The studio will be open by appointment only; visits can be scheduled by emailing [email protected].

Geometric Abstraction
"The Eye of the Storm," an exhibition of paintings and sculptures by Chris Kelly, will open on Saturday at Colm Rowan Fine Art in East Hampton with a reception from 4 to 7 p.m. It will continue through June 19.

Mr. Kelly's work is inspired by the geometry of nature; specifically, the golden ratio and the Fibonacci sequence. The exhibition focuses on work made during the past year, including large geometric abstract canvases created with oil paint and pencil, never-before-seen works on paper, and abstract wood and steel sculptures.

S.I.S. Members Show
The Springs Improvement Society's 38th Annual Members Show will open at Ashawagh Hall on Friday, with a reception from 5 to 7 p.m., and remain on view Saturday and Sunday from 10 a.m. to 6 p.m., and Monday from noon to 4. All proceeds will go toward the maintenance of Ashawagh Hall.

Flack's Early Work
"Audrey Flack: Force of Nature," a selection of works dating from 1948 to 1954, opens Thursday at the Hollis Taggert Gallery in Chelsea with a reception from 5 to 8 p.m. It will run through June 24.

The artist's works on paper chart a transitional period in her practice, during which she developed her artistic voice and became fully immersed in the Abstract Expressionist movement. 

The watercolors reflect Ms. Flack's intuitive engagement with abstraction and illuminate the full trajectory of her career into Photorealism, figurative sculpture, and Post-Pop Baroque.

Pell's Folk Art
Rodman Pell (1909-1995), a descendant of a blue-blood family that gave its name to Pelham, N.Y., was for many years the proprietor of a dockside fish market in Greenport.

After a heart attack in 1968, he retired and began turning out primitive oil paintings that, according to a New York Times article from 1972, lined the walls of his garage.

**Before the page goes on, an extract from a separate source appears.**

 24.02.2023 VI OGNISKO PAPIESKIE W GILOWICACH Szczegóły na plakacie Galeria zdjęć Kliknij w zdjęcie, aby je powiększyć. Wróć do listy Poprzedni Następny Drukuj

During the almost 30 years that followed, he established a reputation as an accomplished folk artist. An exhibition of Pell's paintings is on view at the Gardiner Mill Cottage Gallery in East Hampton through June 6. A reception will take place Saturday from 1 to 5 p.m.
    
Talking Tech
In conjunction with its current exhibition, "Techspressionism: Digital and Beyond," the Southampton Arts Center will host "Bridging Technology With Traditional Media," a free in-person conversation with the participating artists Peter Borges, Roz Dimon, Carol Hunt, and Roy Nicholson, on Saturday at 3 p.m.

The arts center's Tech Tuesday series of virtual talks will feature the artist Shimon Attie, who will discuss technology's potential for reimagining  relationships among space, time, place, memory, and identity. Helen Harrison, the director of the Pollock-Krasner House and Study Center, will moderate the 6 p.m. Zoom talk.

Landscapes, Moods, Dreams
An exhibition of work by Gayle Tudisco, Alan Nevins, Barbara Hadden, and Christopher Engel opens Thursday at the Romany Kramoris Gallery in Sag Harbor and will continue through June 16. A reception is set for Saturday from 4 to 6 p.m.

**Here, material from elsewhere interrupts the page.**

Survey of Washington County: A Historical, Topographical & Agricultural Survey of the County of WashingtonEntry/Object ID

Ms. Tudisco's paintings depict the landscapes, barns, and boathouses of the East End. Mr. Nevins's photographs capture the many moods of nature, from raging seas to storm clouds to tranquil inlets.

Self-taught, Ms. Hadden focuses on the region's architecture, whose unpopulated scenes suggest the influence of Edward Hopper. Mr. Engel's canvases are full of mythical, mystical, and dreamlike figures and faces.